System.out.println(DateTimeFormat.forPattern("yyyyMMdd").parseDateTime("20130101"));
// 2013-01-01T00:00:00.000+05:30 (Expected) (case 1)

System.out.println(DateTimeFormat.forPattern("yyyyMMdd").parseDateTime("+20130101"));
// 20130-10-01T00:00:00.000+05:30 (??? Notice that month changed to 10 also) (case 2)

System.out.println(DateTimeFormat.forPattern("MMyyyydd").parseDateTime("01+201301"));
// 20130-01-01T00:00:00.000+05:30 (??? At least month is fine this time) (case 3)

System.out.println(DateTimeFormat.forPattern("MM-yyyy-dd").parseDateTime("01-+2013-01"));
// 2013-01-01T00:00:00.000+05:30 (I expected an error, but this parsed correctly) (case 4)

The year is getting parsed as 20130 instead of 2013 in cases 2 and 3.

I looked through the code to see what might be happening.

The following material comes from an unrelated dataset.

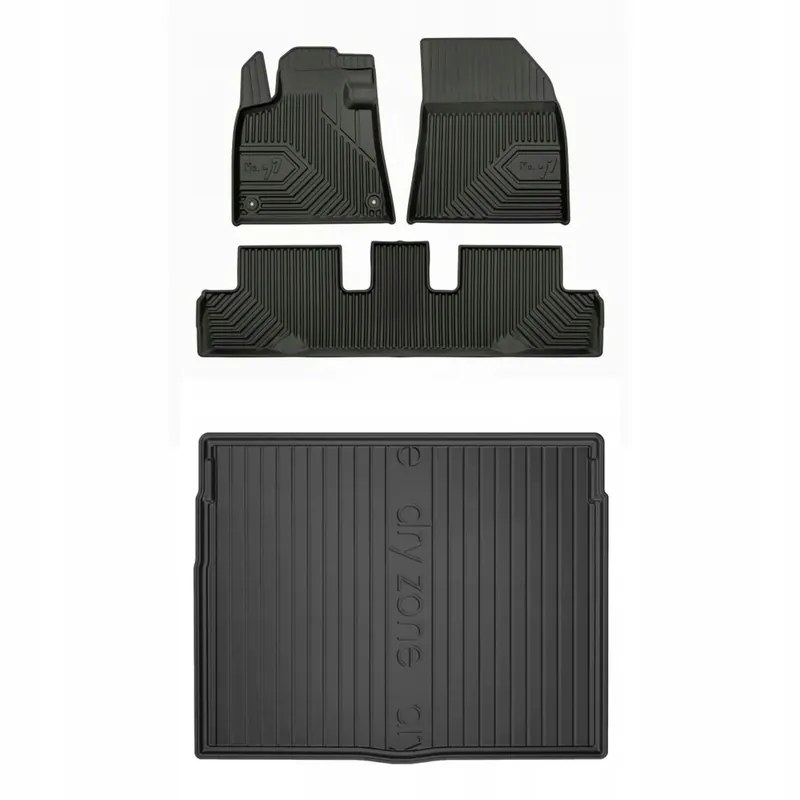 Oryginalne, wysokiej jakości dywaniki samochodowe firmy FROGUM z serii No.77 wykonane z elastomeru plastycznego (TPE) w kolorze czarnym w zestawie z wkładką do bagażnika serii Dryzone.

I think this is happening because of the position++ in the DateTimeFormatterBuilder class. I have forked the repo and tried to fix it with this commit: hshankar/joda-time@4d72559

If you think that is the right approach to fix this, I would love to submit this fix as a pull request. I have verified that all existing test cases pass successfully after this fix. Let me know if I should add any test cases. I have a small test class which I have used to test the fix:

public class Test {

    public static void main(String[] args) {
        test(1, "yyyyMMdd", "+20130101");
        test(2, "MMyyyydd", "01+201301");
        test(3, "MM-yyyy-dd", "01-+2013-01");
        test(4, "yyyydd", "+201321");
    }

    private static void test(int caseNo, String format, String input) {
        System.out.println((caseNo + ". " + "(" + format + ", " + input + ") => " + DateTimeFormat
                .forPattern(format).parseDateTime(input)));
    }
}

Here are the outputs:
Before the fix:

1. (yyyyMMdd, +20130101) => 20130-10-01T00:00:00.000+05:30
2. (MMyyyydd, 01+2013010) => 20130-01-10T00:00:00.000+05:30
3. (MM-yyyy-dd, 01-+2013-01) => 2013-01-01T00:00:00.000+05:30
4. (yyyydd, +201321) => 20132-01-01T00:00:00.000+05:30

After the fix:

1. (yyyyMMdd, +20130101) => 2013-01-01T00:00:00.000+05:30
2. (MMyyyydd, 01+201301) => 2013-01-01T00:00:00.000+05:30
3. (MM-yyyy-dd, 01-+2013-01) => 2013-01-01T00:00:00.000+05:30
4. (yyyydd, +201321) => 2013-01-21T00:00:00.000+05:30

I can add these tests to the proper test class if you can point me to the right place to add them!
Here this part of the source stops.